THE TASK:
Using the material below, repeat exactly the lines from the one with "Het perceel waarop" through the one with "A subtle take", ends included, without any images.
[Start of Attachment]
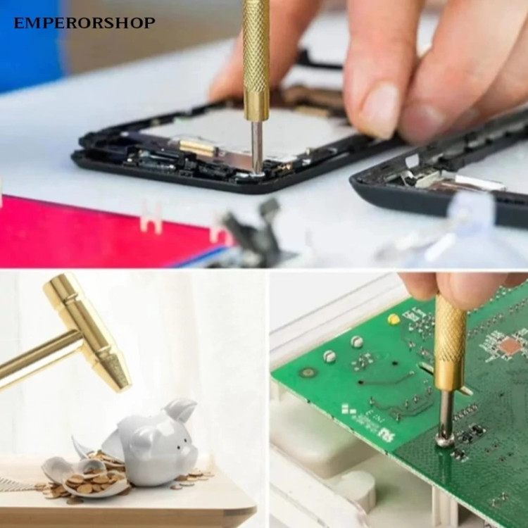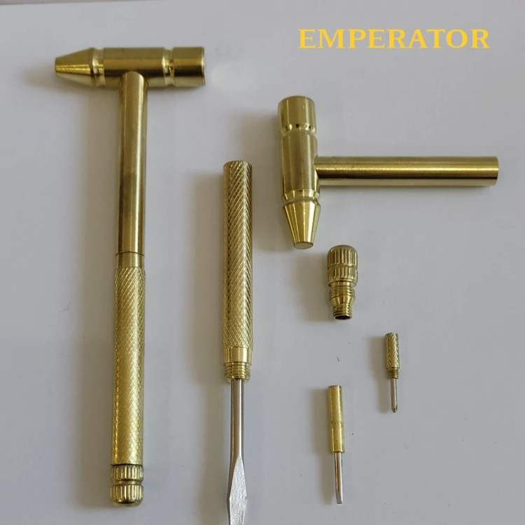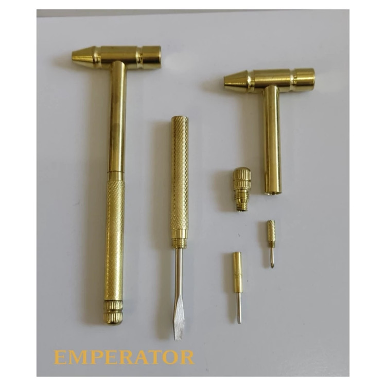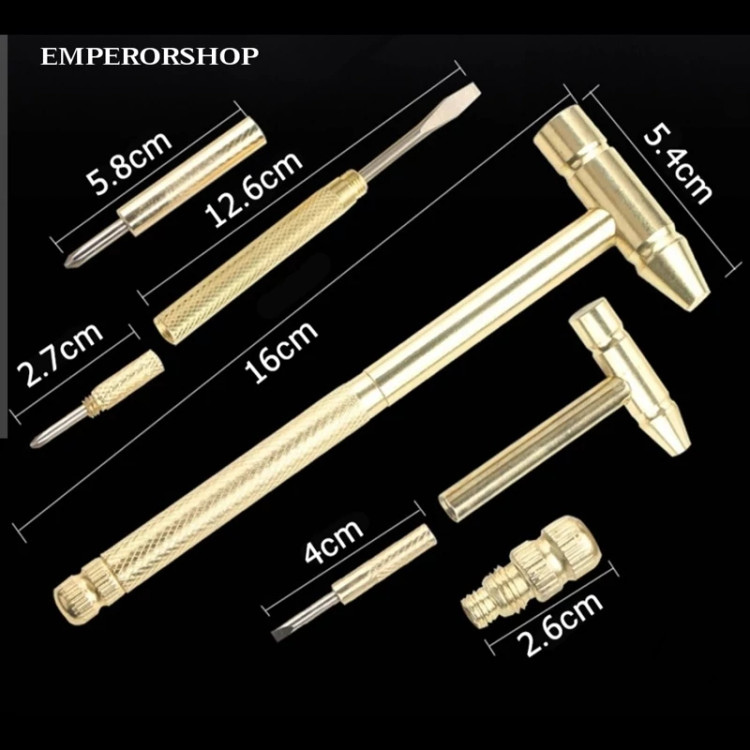 💥چکش پیچ گوشتی دار فانتزی ، نمونه ای جدید از ابزارهای چند منظوره کوچک می باشد که تولید شده از جنس فلز مقاوم با رنگ طلایی است 👌. این ابزار در حالت معمول یک مینی چکش با طول کلی 16 سانتی متر همراه با سری 5.4 سانتی متری می باشد که با توجه به فلزی بودن جنس کالا می توانید برای کارهای سبک مانند زدن میخ از آن استفاده کنید ، اما همه چیز به یک چکش کوچک ختم نمی شود ، کافی است انتهای دسته چکش را به صورت پیچی باز کنید تا شاهد بیرون آمدن یک پیچ گوشتی دو سو باشید که متناسب با نیاز می توانید از آن بهره ببرید ✅، اگر به یک پیچ گوشتی چهار سو نیاز دارید ، کافیست انتهای پیچ گوشتی دو سو را نیز باز کنید تا این پیچ گوشتی خارج و در اختیار شما برای استفاده قرار گیرد 👌✅. بازم هم ادامه دارد و این بار انتهای دسته پیچ گوشتی چهار سو را باید باز کنید تا بتوانید دو پیچ گوشتی دو سو و چهار سوی کوچک تر را ببینید که از آنها برای باز و بسته کردن پیچ های کوچکتر استفاده می شود . پس در نهایت با داشتن چکش چند کاره ، یک چکش ، دو پیچ گوشتی دو سو و دو پیچ گوشتی چهارسو در ابعاد مختلف را در اختیار خواهید داشت که سبک ، کم حجم و با قابلیت حمل و جابه جایی آسان هستند🔸 بنابراین همواره به همراه شما برای استفاده در موقع نیاز خواهند بود✔️
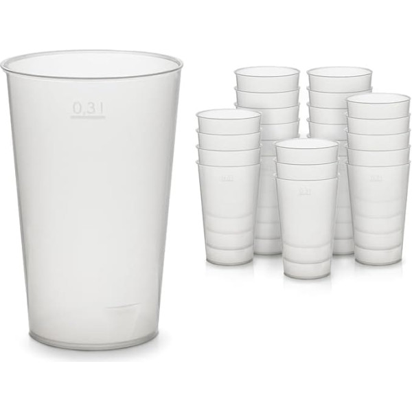 Quality: reusable drinking cup made of extra strong and shatter-proof plastic (polypropylene) for any event Sustainable and ecologically produced drinking containers, which are suitable for many washing processes High-quality processed and tested quality - Made in Germany Durable, dimensionally stable, scratch and dishwasher-safe quality reusable drinking cups High stacker – perfectly stackable thanks to internal stacking noses and easily separable › See more product details; Product description 25 x plastic drinking cups with 300 ml vol., plastic cups made of shatter-proof plastic for any large and small event. We have just the right cup for your event: whether garden party, barbecue, sporting event or children's birthday: wherever a safe alternative to the glass is sought, you can use the cups. Whether cold or hot drink, soft drinks or cocktail, with these cups you are always the perfect host. Stability meets lightness: Our reusable cups are made of highly transparent polypropylene and thanks to their low weight, dimensional stability and shatterproofness are the perfect drinking cups for any occasion. COMFORTABLE DRINKING & SPACE SAVING STORAGE The top edge of the cup is thickened, the so-called mouth roller. This ensures a pleasant drinking experience. The cups can be stacked inside each other and are easy to separate thanks to their internal stacking nodes. We think green: with this reusable cup, we offer you a sustainable and ecologically sensible drinking container. It is suitable for many washes. With the use of reusable cups, you not only save time and money, but also protect important natural resources. Our cups have the following dimensions (per cup) and features: - Height/top diameter/bottom diameter: 117 x 77 x 56 mm. - Weight: 30 g. - Transparent colour. - Volume (screed) 300 ml. - Scratch and dishwasher safe. - Dimensionally stable and long use. - High-quality processed tested quality.; Product description 25 x plastic drinking cups with 300 ml vol., plastic cups made of shatter-proof plastic for any large and small event. We have just the right cup for your event: whether garden party, barbecue, sporting event or children's birthday: wherever a safe alternative to the glass is sought, you can use the cups. Whether cold or hot drink, soft drinks or cocktail, with these cups you are always the perfect host. Stability meets lightness: Our reusable cups are made of highly transparent polypropylene and thanks to their low weight, dimensional stability and shatterproofness are the perfect drinking cups for any occasion. COMFORTABLE DRINKING & SPACE SAVING STORAGE The top edge of the cup is thickened, the so-called mouth roller. This ensures a pleasant drinking experience. The cups can be stacked inside each other and are easy to separate thanks to their internal stacking nodes. We think green: with this reusable cup, we offer you a sustainable and ecologically sensible drinking container. It is suitable for many washes. With the use of reusable cups, you not only save time and money, but also protect important natural resources. Our cups have the following dimensions (per cup) and features: - Height/top diameter/bottom diameter: 117 x 77 x 56 mm. - Weight: 30 g. - Transparent colour. - Volume (screed) 300 ml. - Scratch and dishwasher safe. - Dimensionally stable and long use. - High-quality processed tested quality.; 25 x plastic drinking cups with 300 ml vol., plastic cups made of shatter-proof plastic for any large and small event. We have just the right cup for your event: whether garden party, barbecue, sporting event or children's birthday: wherever a safe alternative to the glass is sought, you can use the cups. Whether cold or hot drink, soft drinks or cocktail, with these cups you are always the perfect host. Stability meets lightness: Our reusable cups are made of highly transparent polypropylene and thanks to their low weight, dimensional stability and shatterproofness are the perfect drinking cups for any occasion. COMFORTABLE DRINKING & SPACE SAVING STORAGE The top edge of the cup is thickened, the so-called mouth roller. This ensures a pleasant drinking experience. The cups can be stacked inside each other and are easy to separate thanks to their internal stacking nodes. We think green: with this reusable cup, we offer you a sustainable and ecologically sensible drinking container. It is suitable for many washes. With the use of reusable cups, you not only save time and money, but also protect important natural resources. Our cups have the following dimensions (per cup) and features: - Height/top diameter/bottom diameter: 117 x 77 x 56 mm. - Weight: 30 g. - Transparent colour. - Volume (screed) 300 ml. - Scratch and dishwasher safe. - Dimensionally stable and long use. - High-quality processed tested quality.
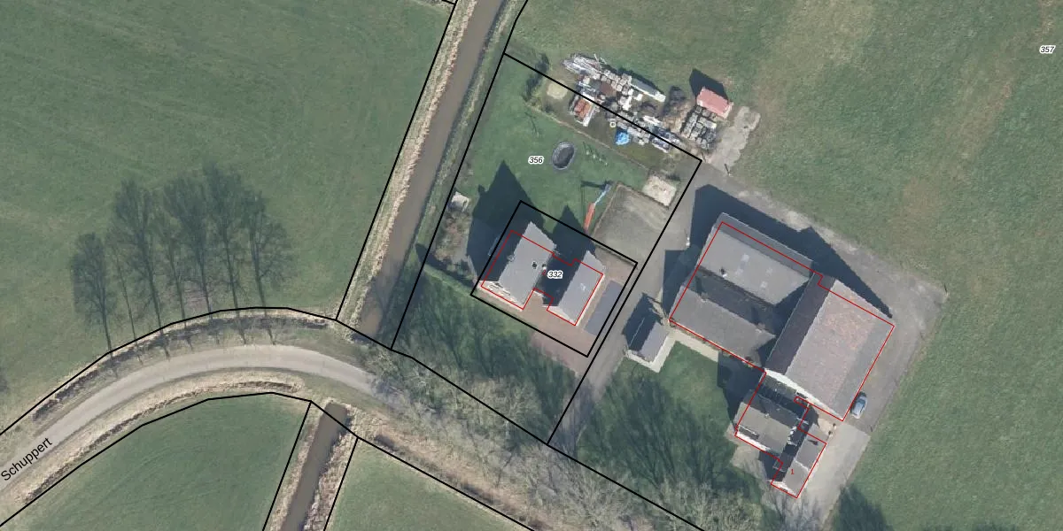 Het perceel waarop Schuppert 1-a staat heeft een oppervlakte van 496 m². Dit is een groot perceel. De perceeloppervlakte wordt geregistreerd door het Kadaster. Gedetailleerde informatie over de maten van dit perceel kunt u vinden in het rapport Kadastrale kaart met maatvoering van Schuppert 1-a.
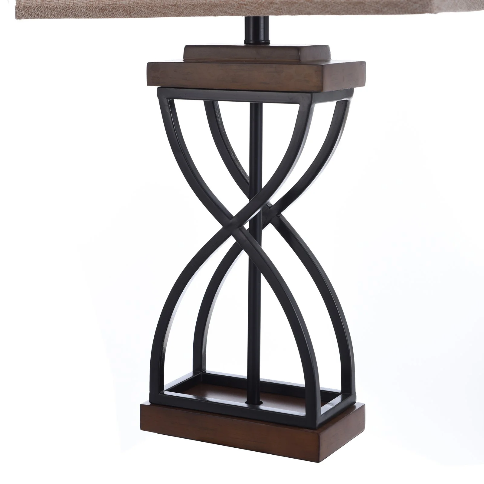 A subtle take on industrial-inspired décor, this table lamp features a black wood finish with brown accents. The rectangular hardback shade is made of beige fabric. The hourglass shape of the base ensures this black and brown lamp will enhance the look of a bedroom, living room, hallway, dining room, or office.
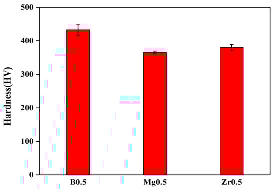 Figure 6 displays the average micro-Vickers hardness values and standard deviations for the three as-cast HEAs, as measured by the Vickers hardness tester at room temperature. It can be seen that the B0.5 HEA has the highest hardness (433 HV), followed by the Zr0.5 HEA (380 HV) and the Mg0.5 HEA (365 HV). The corresponding standard deviations are 14.42 HV, 5.98 HV and 3.01 HV, respectively. The results show that the hardness of Mg0.5 and Zr0.5 HEAs is lower than that of B0.5 HEA. The hardness of the alloy is affected not only by the type of phase in the microstructure but also by its content. All the HEAs have FCC/L12 phase and BCC phase, according to XRD and EBSD analyses. Compared with B0.5 alloy, the FCC phase fraction is more dominant in Mg0.5 and Zr0.5 HEAs. It is worth noting that FCC has more slip directions and is more susceptible to slip deformation than BCC. This may result in a more plastic but less hard alloy for FCC structures. Although Mg and Zr with large atomic radius have better solution strengthening effect than B, this effect may be weaker than the phase weakening of large volume fraction FCC crystal structure. As a result, Mg0.5 and Zr0.5 alloys have a lower hardness value than the B0.5 alloy. Although the proportion of the FCC phase in the Mg0.5 HEA is approximately the same as the Zr0.5 HEA, the hardness of the Zr0.5 alloy is higher than that of the Mg0.5 alloy. This may be because the addition of the Zr element can greatly refine the microstructure of the alloy. In addition, Zr has a larger atomic radius than Mg, which increases the distortion of the cell and enhances solid solution hardening. Hence, it not only reduces the grain size of the alloy but also increases the number of dislocations in the alloy, which increases the brittle tendency of the alloy and leads to slightly higher hardness than Mg0.5 HEA [,,,].
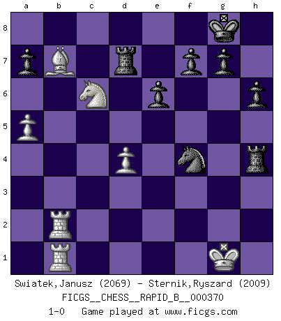 Last move : 1-0 2021 December 11 14:17:35 [Event "FICGS__CHESS__RAPID_B__000370"] [Site "FICGS"] [Date "2021.11.02"] [Round "1"] [White "Swiatek,Janusz"] [Black "Sternik,Ryszard"] [Result "1-0"] [WhiteElo "2069"] [BlackElo "2009"] 1.e4 d5 2.exd5 Qxd5 3.Nc3 Qa5 4.d4 Nf6 5.Nf3 c6 6.Bd3 Bf5 7.b4 Qxb4 8.Bxf5 Qxc3+ 9.Bd2 Qc4 10.Bc8 Nbd7 11.Bxb7 Rb8 12.Rb1 e6 13.Qe2 Qxc2 14.O-O Bd6 15.Qa6 O-O 16.Rfc1 Qf5 17.Rb3 Nd5 18.Rxc6 Bf4 19.g3 Bxd2 20.Nxd2 Qg4 21.Nf3 Nf4 22.h4 Nf6 23.Rc2 N6h5 24.Rcb2 Nxg3 25.fxg3 Qxg3+ 26.Kh1 Rfd8 27.Qf1 h6 28.Qg1 Qh3+ 29.Rh2 Qf5 30.Qb1 Qxb1+ 31.Rxb1 Rdc8 32.Rhb2 Rc3 33.Ne5 Rh3+ 34.Kg1 Rxh4 35.a4 Rd8 36.Nc6 Rd7 37.a5 1-0 Scandinavian (centre counter) defense Kingside Castling by player White (move 14) Kingside Castling by player Black (move 15) Player White won this chess game. Follow this game move after move (download)The blunders are all there on the board, waiting to be made. (Savielly Tartakover) Intelligenz läßt sich nicht am Weg, sondern nur am Ergebnis feststellen. (Garry Kasparov) Una clavada es mas poderosa que una espada. (Fred Reinfeld) Les pièces de l'échiquier étaient impitoyables. Elles le retenaient, elles l'absorbaient. Il y avait de l'horreur en cela, mais aussi une harmonie unique. Car, qu'y a-t-il dans le monde, à part les échecs ? (V. Nabokov) Philosophers use a language that is already deformed as though by shoes that are too tight. (Ludwig Wittgenstein)
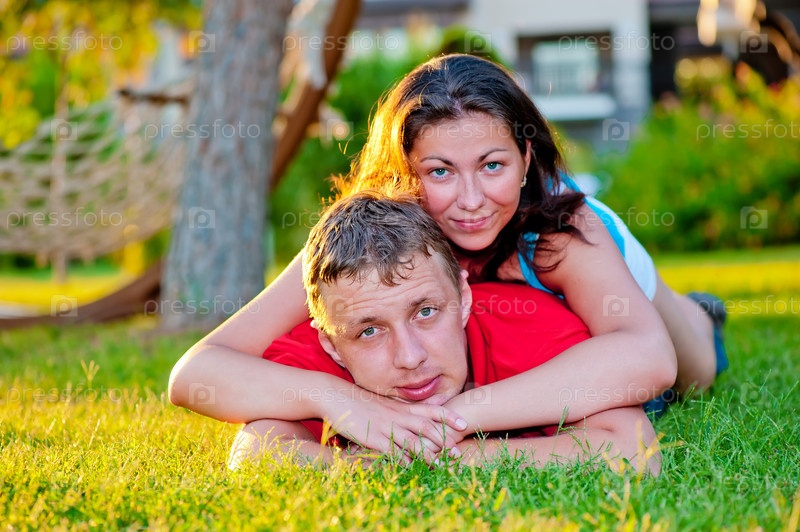 Влюбленная пара лежит на зеленой лужайке
[End of Attachment]
EXERCISE RESPONSE:
 Het perceel waarop Schuppert 1-a staat heeft een oppervlakte van 496 m². Dit is een groot perceel. De perceeloppervlakte wordt geregistreerd door het Kadaster. Gedetailleerde informatie over de maten van dit perceel kunt u vinden in het rapport Kadastrale kaart met maatvoering van Schuppert 1-a.
 A subtle take on industrial-inspired décor, this table lamp features a black wood finish with brown accents. The rectangular hardback shade is made of beige fabric. The hourglass shape of the base ensures this black and brown lamp will enhance the look of a bedroom, living room, hallway, dining room, or office.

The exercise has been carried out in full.